Goal Of Socialists Is Socialism, Not Prosperity OpEd – Eurasia Review
By William L. Anderson*
About 40 years ago, economist Bruce Yandle went to Washington to work for the Council on Wage and Price Stability, ready to apply his knowledge of economics and educate his fellow workers. After all, he reminisces, one eye-rolling, head-scratching decision after another was coming from government regulators that surely someone versed in economics could expose as stupid, wasteful, and downright ridiculous.
At some point, Yandle realized that the lay of the regulatory land looked quite different in Washington than it did in Clemson, South Carolina, where he was on the faculty at Clemson University. Regulators and the representatives of the enterprises they regulated were not looking to create an atmosphere in which the government tried to find the optimal set of regulatory policies that both minimized regulatory costs and allowed for the maximum removal of whatever externalities were created.
No, as Yandle writes:
instead of assuming that regulators really intended to minimize costs but somehow proceeded to make crazy mistakes, I began to assume that they were not trying to minimize costs at all at least not the costs I had been concerned with. They were trying to minimize their costs, just as most sensible people do.
The more he examined the situation, the more he realized that all of the various actors in the system were acting in their own perceived self-interests regulators, politicians, and those being regulated and the combination of their interests created perverse outcomes. The big picture view that those on the outside of the situation might have is irrelevant to what actually happens, and understandably so.
Far from the stated goals of the regulators and those involved in the process that regulation was pursued in order to promote a lofty public interest the real purpose of the regulatory apparatus is the promotion of the regulatory apparatus. The system exists to preserve and protect itself.
As I observe (and participate in) a few discussions on Facebook and elsewhere about socialism, I have come to a few conclusions about the nature of the arguments and the reasons why socialists remain socialists even as we see the utter failure of socialist economies throughout history. Maybe the meme that appears once in a while If socialists understood economics, they wouldnt be socialists might be true, but I doubt it. As I see it, the purpose of establishing socialism is to further promote socialism, not improve the lot of a society and certainly not to promote prosperity.

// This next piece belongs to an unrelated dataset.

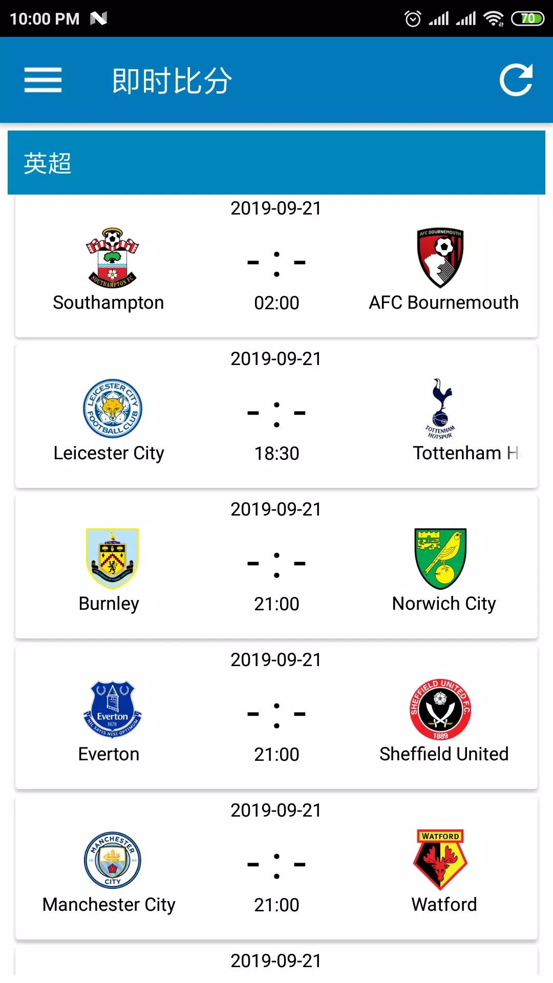 3、比如你对英超比较感兴趣,现在就可以来看看英超的各场比赛情况。

First, and most important, the minds of socialists work differently than do the minds of economists that see an economy as a mix of factors of production, prices, final goods, markets, and entrepreneurs that drive the whole route. Those of us who are economists are fascinated by this process because we see human ingenuity, the coordination of the goals of numerous people, and, when the system works, a higher standard of living for most people.
Socialists, however, dont see what we see. Instead, they see chaos and unequal outcomes. Not everyone benefits, right? In some situations, someone may lose a job or a way of doing things becomes obsolete. In the end, some people wont be helped at all, at least not directly, and in the mind of someone that has an organic view of society, the fact that certain entrepreneurial actions taken by some individuals have created goods that meet the needs of others is irrelevant. Society should be providing those goods for free! People should not have to pay for what they need!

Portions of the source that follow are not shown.